Write out the listing below in its entirety, minus the pictures, without changing a word.

§ Dataset content:
*** Begin section ***

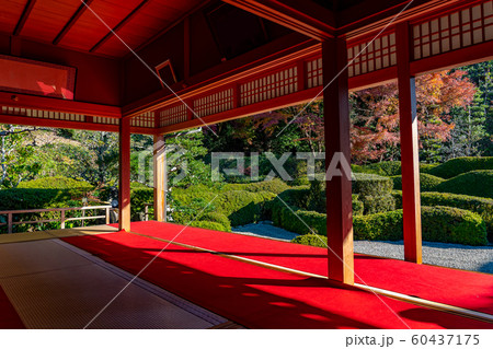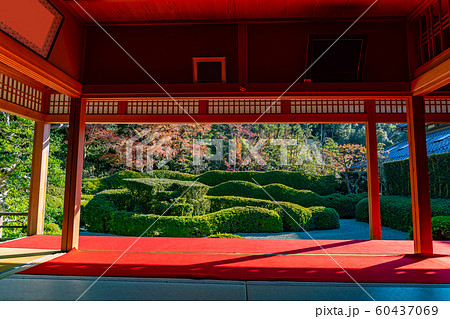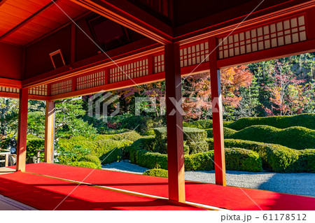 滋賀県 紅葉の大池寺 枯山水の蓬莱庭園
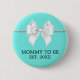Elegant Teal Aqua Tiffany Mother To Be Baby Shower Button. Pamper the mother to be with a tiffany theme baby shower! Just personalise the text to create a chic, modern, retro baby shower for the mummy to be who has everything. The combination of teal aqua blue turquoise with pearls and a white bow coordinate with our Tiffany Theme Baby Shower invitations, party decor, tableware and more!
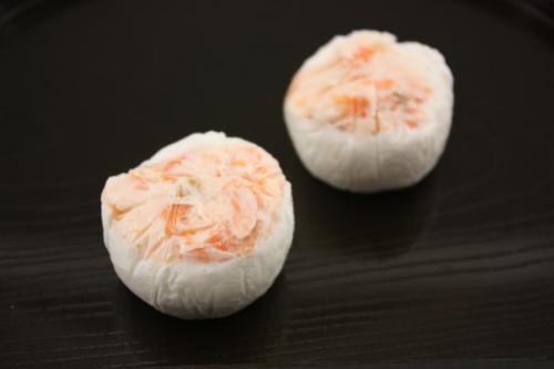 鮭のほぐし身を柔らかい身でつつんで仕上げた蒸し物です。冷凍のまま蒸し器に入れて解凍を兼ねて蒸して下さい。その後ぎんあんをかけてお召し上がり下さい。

*** End section ***

§ The completed task:
 滋賀県 紅葉の大池寺 枯山水の蓬莱庭園
Elegant Teal Aqua Tiffany Mother To Be Baby Shower Button. Pamper the mother to be with a tiffany theme baby shower! Just personalise the text to create a chic, modern, retro baby shower for the mummy to be who has everything. The combination of teal aqua blue turquoise with pearls and a white bow coordinate with our Tiffany Theme Baby Shower invitations, party decor, tableware and more!
 鮭のほぐし身を柔らかい身でつつんで仕上げた蒸し物です。冷凍のまま蒸し器に入れて解凍を兼ねて蒸して下さい。その後ぎんあんをかけてお召し上がり下さい。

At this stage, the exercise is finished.